Often, the hardest part of writing is knowing how to begin. Because of this, students often resort to bland opening sentences like these:

  • I would like to tell you about the worst vacation I ever had.
  • This paper is about a wonderful book for children called Charlotte’s Web.
  • In the following essay, I will explain how to be a reliable babysitter.

What’s wrong with these sentences? They tell the reader what the paper is going to do or what the writer is hoping to accomplish. There’s nothing really wrong with that, but if the writer does his job, it’s not necessary. It is a waste of words that draws attention to the writer and the writing instead of the subject the paper is intended to address.
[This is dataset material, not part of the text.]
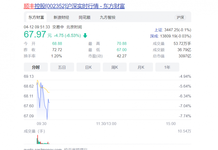 4月9日早盘,顺丰控股一字跌停。随后,#顺丰跌停#登上微博热搜。

There is an old adage for public speakers that goes, “Tell ’em what you’re gonna tell ’em, tell ’em, then tell ’em what you told ’em.” I don’t think that’s good advice for writers, and I’ll talk about that more in another post, but my advice about writing introductions is a play on this platitude: Don’t tell ’em what you’re gonna to tell ’em — just tell ’em.

Instead of writing “This paragraph will be about bowling,” just say what you want to say about bowling: Bowling is a wonderful pastime, or Bowling has a long and fascinating history, or Bowling should be outlawed in Texas. Just jump in and say it. Your readers will figure out your purpose all by themselves.

It’s also best to avoid reminding your readers that they are reading something.  You can assume they already know that. So, it’s not necessary to refer to the “paper” or the “essay” as do the examples above. Here are some improved versions:

  • My family’s trip to the Poconos last winter was the worst vacation ever.
  • Charlottes’ Web is a fanciful book about sacrificial love among memorable farm animals.
  • Being a reliable babysitter is not as easy as many assume.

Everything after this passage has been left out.